The short version was he’d never gotten over it.
“Doctors are like that, some of them,” Jimmy said. “They keep it to themselves but it rips them up when they lose one.”
She sat with her legs crossed, her hands in her lap. “That wasn’t Barry’s problem,” she said. “He had no problem losing a case.”
She probably didn’t mean the twist of bitterness in the way she said the line.
“It wasn’t that,” she said.
And then she went into it in great detail, the days and weeks of that time, of 1977, starting even before the trial began. She never referred directly or even indirectly to Harry Turner setting things up, running things from behind the curtain, but he was as present in the story as if she had named his name or he was standing there in the room with them. They’d disagreed from the start, Barry Upchurch and “the others,” until Upchurch finally got the message and shut up and stopped having ideas, or at least stopped saying them out loud.
And then came the verdict. And then the appeals. And then the execution.
“His practice picked up after the Kantke case,” she said, this time intending every bit of the bitterness she laid onto the words. “It was quite remarkable. Some of the finest criminals in Long Beach were suddenly Barry’s.”
Jimmy asked her the question he already knew the answer to.
“No,” she said. “Jack Kantke was innocent. Completely. And Barry knew it. And knew how to prove it.”
She laid it all out. It had to do with the killer behind the wispy curtains in that front bedroom, waiting, and the angle of the barrel of the .45 in that hand, the trajectory of the two bullets, the height of the shooter.
And the fact that Jack Kantke was an inch over six feet.
“They wouldn’t use it,” she said. “Barry went to the mat but they wouldn’t use it. And it killed him.”
She heard what she had just said.
“Killed both of them I guess.”
“You never knew why,” Jimmy said. “Why they wouldn’t use it.”

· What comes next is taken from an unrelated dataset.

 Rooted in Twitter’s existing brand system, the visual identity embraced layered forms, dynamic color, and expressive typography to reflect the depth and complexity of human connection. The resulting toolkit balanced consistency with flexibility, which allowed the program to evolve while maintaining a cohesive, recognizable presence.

She shook her head and then looked at him as if maybe, now, he was going to tell her. When he didn’t, she said, “So I guess losing did take its toll. Or maybe it was seeing the ways things really are.”
Jimmy would remember that last line.
She invited him to stay for the steaks but he just shook her hand again and looked again at the portrait and went out the way he’d come in.

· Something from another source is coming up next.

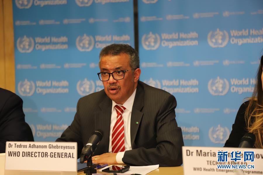 2020年3月11日,在瑞士日內(nèi)瓦,世界衛(wèi)生組織總干事譚德塞在例行記者會(huì)上發(fā)言。譚德塞說(shuō),新冠肺炎疫情從特征上可稱為大流行。新華社記者 陳俊俠 攝

D. L. Upchurch was watching the fading charcoal fire.
“You can stay,” he said. “Eat.”
Jimmy looked at that face in the red and orange light. What would come to him in a minute was starting to come now.
“No, that’s all right,” he said.
“Up to you.”
Jimmy said, “Sorry about the creeping around. I really meant to come out here in the morning.”
“Old habits,” D. L. said. Maybe it was an apology, too.
Then Jimmy got it.
He stayed put in front of the man.
“She tell you about the trajectory?” D. L. said.
“Yeah.”
“The angle. The shooter behind the curtain.”
“Yes.”
“Bill Danko’s wife killed them,” D. L. said, straight ahead, eyes down. “She was five-f oot-one.”
D. L. Upchurch was a cop. One brother’s a lawyer and his big brother’s a cop, like something out of an old Warner Bros. movie.
And not just any cop, a Long Beach cop, the Long Beach uniformed cop in the newspaper picture looking out of the murder bedroom. Looking up.
023
Jimmy went back to the Evergreen and drank dark beer until they closed and then he was in his cabin with the tall German girl. They kissed and that’s all they did and only that because the day and the work with its tricks and surprises and reversals had gotten to him.
And because they were both so far from home.